** Raw data **
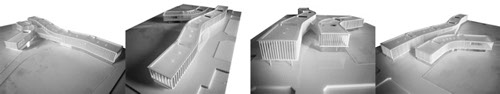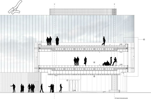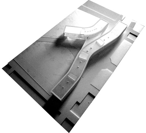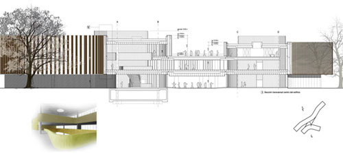 Bajo el elemento puente se producen los dos accesos al edifico, (aulario, y auditorio y bar-restaurante, pudiendo funcionar este paquete de programa de forma independiente).
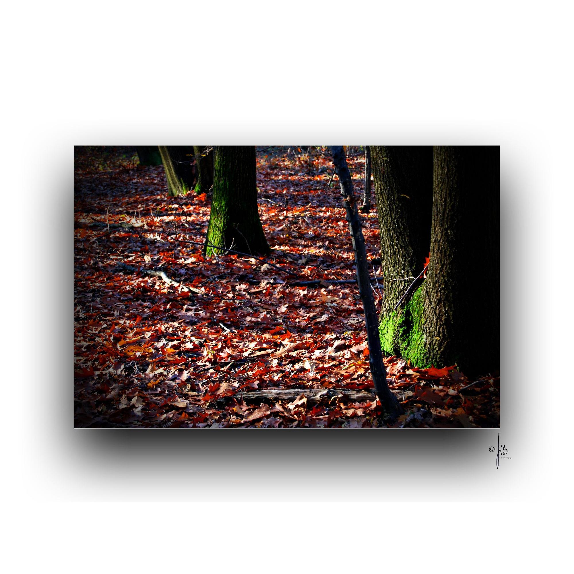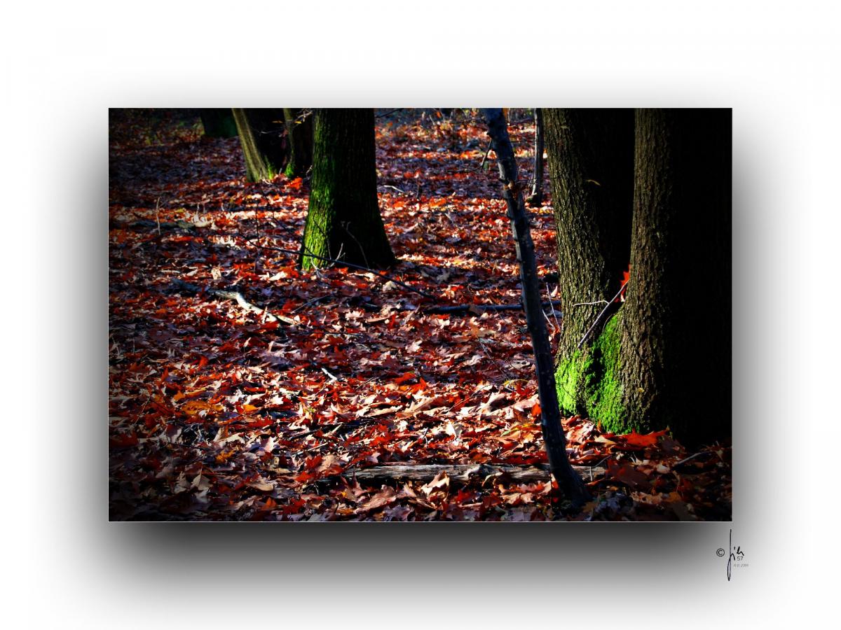In mezzo ai due tronchi, dove il muschio splendeva, si accovacciava strigendo le gambe al petto; il mare di foglie con la luce che emanava erano i suoi calzari.
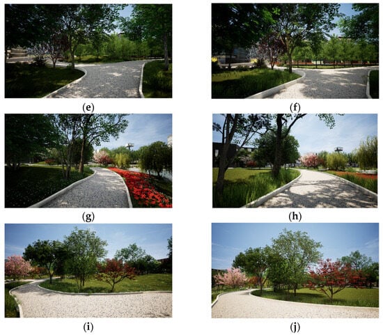 With the “restorative environment” concept, scholars have begun to study the impact of the natural environment or urban greenspace on different specific groups of people [,]. Some of these studies were specifically aimed at students [,]. The findings from a previous study investigating the utilisation of green areas among university students demonstrated that those who regularly visited greenspaces positively experienced a higher quality of life and an improved mood and perceived lower levels of stress. However, student barriers to greenspace use included insufficient time [,]. Studies have shown that virtual reality (VR) technology can have an effective restorative function at school or during workdays in the absence of a highly restorative natural environment. Exposure to nature through immersive VR enhances the connection to nature for individuals with limited inherent affinity [,,,,,,]; therefore, it is possible to replace the inconvenient actual environment with a convenient VR environment [,]. Moreover, VR has proven effective in assessing environmental restoration quality []. In recent years, with the development of VR technology, modelling scenes have become increasingly more realistic, and this level of realism affects emotional responses and perceptions, making it easier to control experimental variables []. Therefore, an increasing number of studies have focused on the use of VR technology in restorative environments. For example, Mattila studied the impact of VR forest environmental restoration by constructing an immersive VR forest [], while Wang constructed interactive VR scenarios to study the effects of restorative environments on anxiety and depression []. Additionally, some studies have been conducted on restorative environmental components []; for example, Huang and QY used VR technology to study the potential impact of different vegetation types and the influence of different types of trees, grass, and concrete environments on stress reduction []. However, the number of such studies is limited, and the available data are insufficient for practice []. Currently, most studies on restorative environments have focused on comparing the health benefits of greenspaces with those of other types of urban spaces [,,], whereas some studies have only examined the overall restorative benefits of greenspaces for population health [].
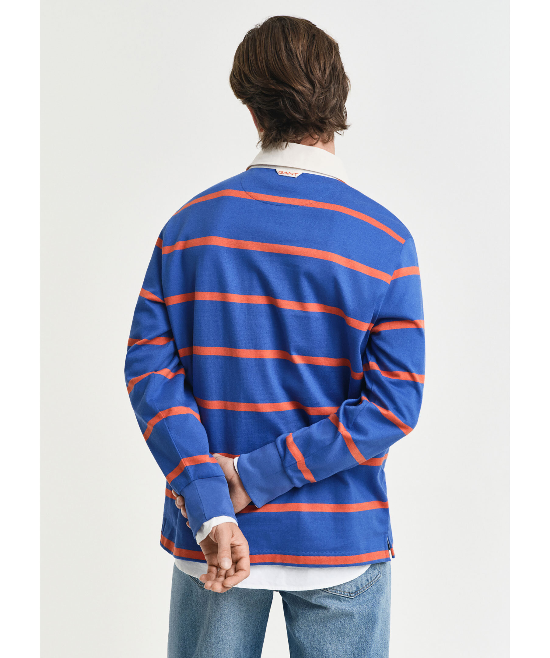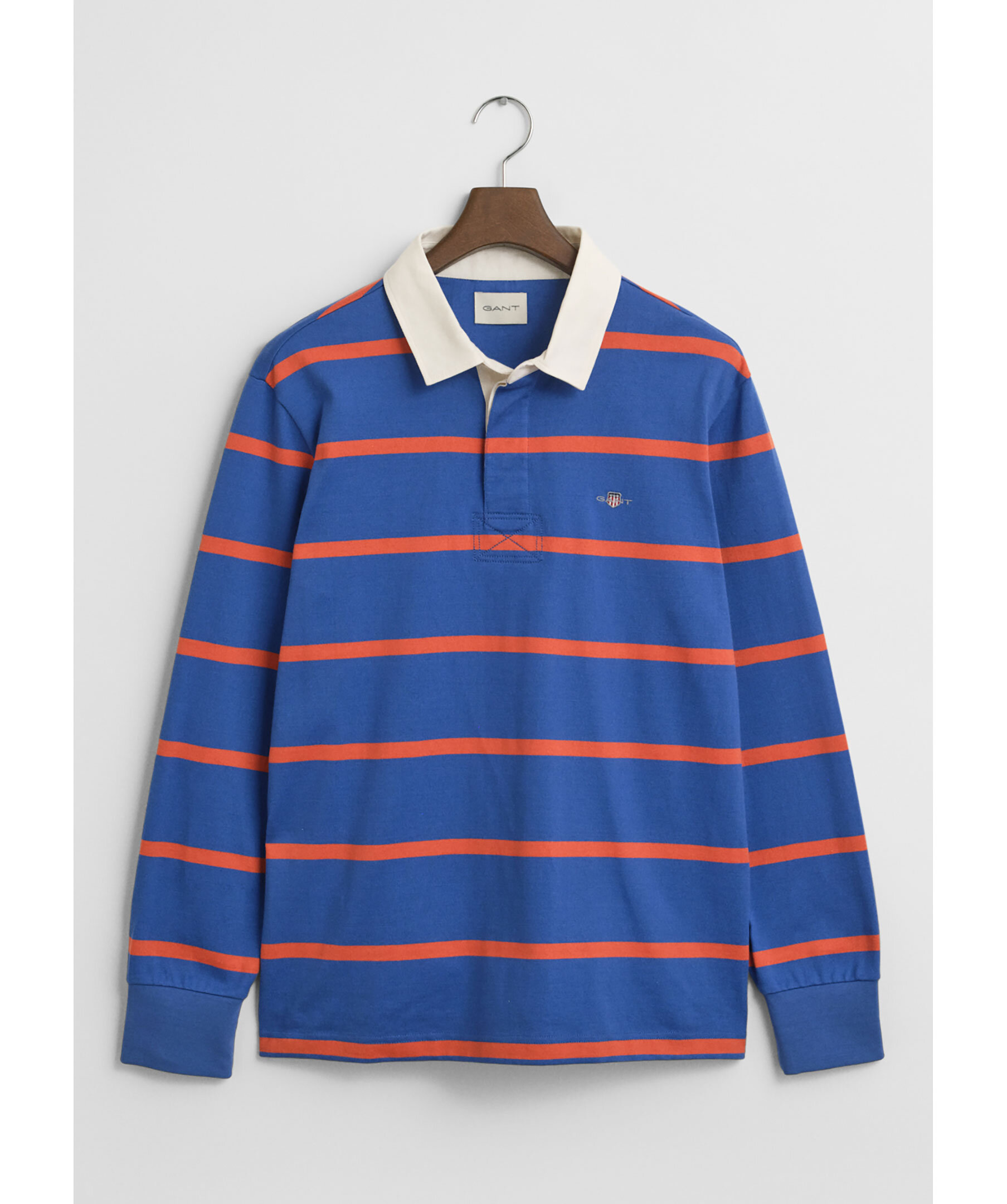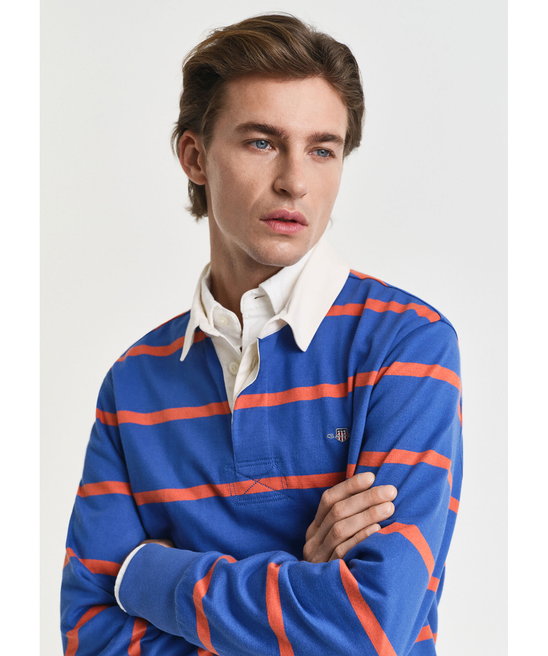 Blårandig rugbytröja från Gant. Tröjan har dolda knappar framtill, kontrastfärgad krage samt broderad logotyp på bröstet. Tillverkad i bomull.
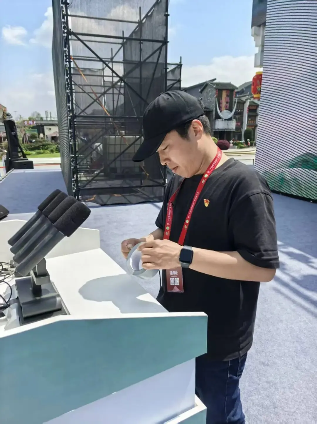 烈日下,技术党员反复调试设备、排查线路,确保音视频零失误、零差错;
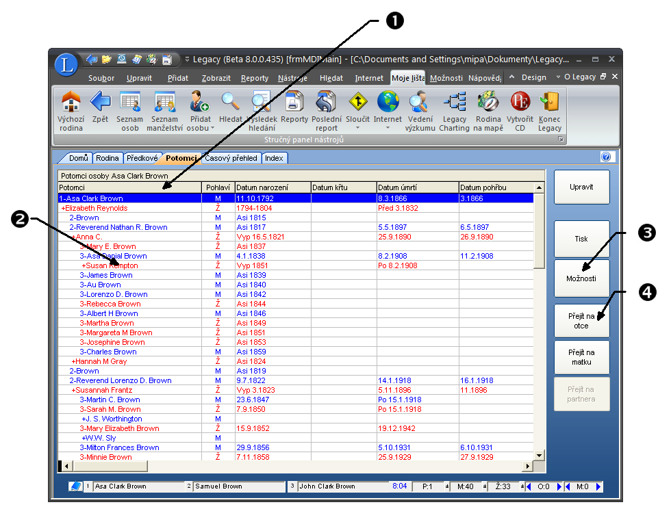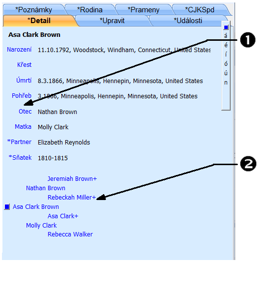 Kliknutím na Přejít na otce nebo Přejít na matku přeskočíte na otce nebo matku zvýrazněného potomka.

** To do **
Could you restate the material word for word, skipping any pictures it holds?

** Output of the task **
 Bajo el elemento puente se producen los dos accesos al edifico, (aulario, y auditorio y bar-restaurante, pudiendo funcionar este paquete de programa de forma independiente).
In mezzo ai due tronchi, dove il muschio splendeva, si accovacciava strigendo le gambe al petto; il mare di foglie con la luce che emanava erano i suoi calzari.
 With the “restorative environment” concept, scholars have begun to study the impact of the natural environment or urban greenspace on different specific groups of people [,]. Some of these studies were specifically aimed at students [,]. The findings from a previous study investigating the utilisation of green areas among university students demonstrated that those who regularly visited greenspaces positively experienced a higher quality of life and an improved mood and perceived lower levels of stress. However, student barriers to greenspace use included insufficient time [,]. Studies have shown that virtual reality (VR) technology can have an effective restorative function at school or during workdays in the absence of a highly restorative natural environment. Exposure to nature through immersive VR enhances the connection to nature for individuals with limited inherent affinity [,,,,,,]; therefore, it is possible to replace the inconvenient actual environment with a convenient VR environment [,]. Moreover, VR has proven effective in assessing environmental restoration quality []. In recent years, with the development of VR technology, modelling scenes have become increasingly more realistic, and this level of realism affects emotional responses and perceptions, making it easier to control experimental variables []. Therefore, an increasing number of studies have focused on the use of VR technology in restorative environments. For example, Mattila studied the impact of VR forest environmental restoration by constructing an immersive VR forest [], while Wang constructed interactive VR scenarios to study the effects of restorative environments on anxiety and depression []. Additionally, some studies have been conducted on restorative environmental components []; for example, Huang and QY used VR technology to study the potential impact of different vegetation types and the influence of different types of trees, grass, and concrete environments on stress reduction []. However, the number of such studies is limited, and the available data are insufficient for practice []. Currently, most studies on restorative environments have focused on comparing the health benefits of greenspaces with those of other types of urban spaces [,,], whereas some studies have only examined the overall restorative benefits of greenspaces for population health [].
 Blårandig rugbytröja från Gant. Tröjan har dolda knappar framtill, kontrastfärgad krage samt broderad logotyp på bröstet. Tillverkad i bomull.
 烈日下,技术党员反复调试设备、排查线路,确保音视频零失误、零差错;
 Kliknutím na Přejít na otce nebo Přejít na matku přeskočíte na otce nebo matku zvýrazněného potomka.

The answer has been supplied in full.